I held that thought as I walked down the hill toward the end of the road. It was steep going until I found the deer trail that cut across the face of the hill. I followed it down and the canopy of the forest closed over me once more, creating an early twilight. I walked in that gentle dimness, smelling the sweetness of the living earth. Life surrounded me. I had slowly come to understand that in my months of living by the eaves of the forest, but only today did the thought form itself clearly in my mind. All my life, I’d been accustomed to thinking of life as things that moved: rabbits, dogs, fish, other people. Life that mattered had been life like me, life that breathed and bled, life that ate and slept. I’d been aware of that other layer of life, of the still but living things that supported it all, but I’d thought of it as the lower layer, as the less important stratum of life.

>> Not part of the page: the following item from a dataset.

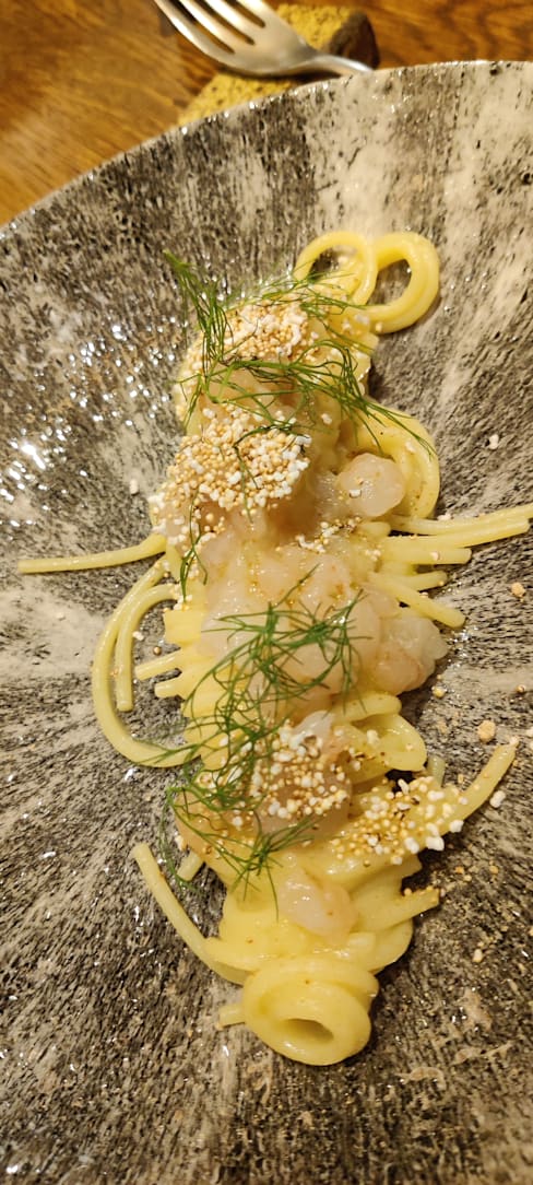 10/10This is easily one of the most needed visits in Florence. My wife and I were on our honeymoon and we had this recommendation to dine here. We came from the city centre and walked to the restaurant on the other side of the river. It is a small restaurant, with an abumdance of character that exists in the subtly of the decor and design. We chose to experience the 5 course tasting menu and a glass of orange wine and the pecorino, with a mystery wine that was recommended based on my wife's request (super accommodating to our request). We felt encouraged, cared for, and, most importantly, extraordinarily well fed! The mushroom chawanmushi was an extreme well received dish! The other dishes that spoke to us were the pidgeon, yes pigeon, and the amberjack ceviche. We both could not recommend this place enough. Upon leaving we asked for some other city recommendations and Maeto and the staff didn't disappoint. Thank you for creating a unforgettable time for us. We will be back as soon!

Empty prairie was for plowing or grazing; land that was too poor for farming or cattle was wasteland. I’d never lived near a forest like this, but when I’d come to one, I’d understood why it existed. The trees were to be taken for lumber. The land had to be cleared to become useful. The idea that forest or prairie or even wasteland should be left as it was had never occurred to me. What good was land until it was tamed? What good was a piece of earth that did not grow wheat or fruit trees or grass for cattle? The value of every bit of land I’d ever trodden, I’d reckoned in terms of how it could benefit a man. Now I saw it with the eyes of a forest mage. Here life balanced as it had for hundreds, perhaps thousands of years. Sunlight and water were all that was required for the trees to grow. The trees made the food that fed not only whatever moving creatures might venture through this territory, but also became the food that replenished the soil when their leaves fell to rot back into earth. This working system was as refined and precise as any piece of clockwork ever engineered by man. It worked perfectly.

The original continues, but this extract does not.